今や税理士事務所の経営者も、第二世代から第三世代に入ってきている。
しかも、昭和40年代からバブルまでもほぼ25年、いい思いをしてきた先生からのバトンタッチ。
経済成長期に創業した税理士事務所の経営者は、営業しなくても、お客は付いてきた。
さらに仕事をすれば、その後に大きなお金がついてきたから、打ち出の小槌状態。
税理士として一旗揚げた人は、そんなに浪費するようなタイプではないから、小金は貯まった。
家庭を持ち、女房・子供になに不自由させることもなく、中流階級としてその地位を築いた。
中小零細企業が経済成長とともに、大きく飛躍したのと歩調を合わせ、税理士事務所の順風満帆。
そんな時代を過ごしてきた税理士が、この10数年間で引退の時期を迎え、事務所の新陳代謝も。

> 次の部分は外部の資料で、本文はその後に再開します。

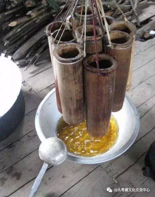 墨脱的黄酒是用当地特有的鸡爪谷和玉米酿成的,据当地人介绍,玉米脱粒晒干后,将玉米粒炒熟放凉;再将玉米粒、鸡爪谷蒸熟,晾凉,然后放在一个竹盘里,放上酒曲搅拌,最后再放入密封的罐子里,大约3--4天就差不多了。饮用时将发酵好的醪糟放入巴东里(一个圆柱状的竹筒,底部有孔),加入温开水,橙黄的酒水就从巴东的底部流了出来。盛情的主人会拿起一个瓢,“进门三瓢酒”是当地的传统。黄酒含在口里,有点酸、微甜,后劲很足。

そんな老兵の事務所を引き継いだ税理士で、営業力がない人は、今や非常に厳しい状況。
先達は、何もしなくても顧問先が増え、それとともの収入も大幅に増えた人たち。
事務所として営業活動も経験していないから、その営業のノウハウは全くなし。
営業を一から学ぼうにも、それを指導できる人も少なく、中には藁をもつかもうと、だまされる人も。
しかし、信用が第一の税理士事務所。
税理士としての自分を顧客にアッピールすることで、その信頼を勝ち取ることに専念。
といっても、人の集まるところで、演説をすることもできず、ただ、顧問先に口コミを依頼するのみ。
それだけに、顧問先にお願いする”勇気”がない先生には、営業は地獄。
人付き合いができないから税理士を選んだという言い訳は、それこそ経済成長期の言葉。
今は、人付き合いが不得手であれば、事務所経営はやらない方がいい。
税理士として、税理士法人の勤務税理士となるのが賢明でだろう。
そこには、やはり強う意思がなければいけないし、資格があるから食っていける時代はもう過ぎた。
挫折をして、再び立ち上げれるような人であれば、税理士稼業は面白いに違いない。
なんとなれば、様々な経営者に会い、その個性を身近に感じ、仕事にも活かせるのだから。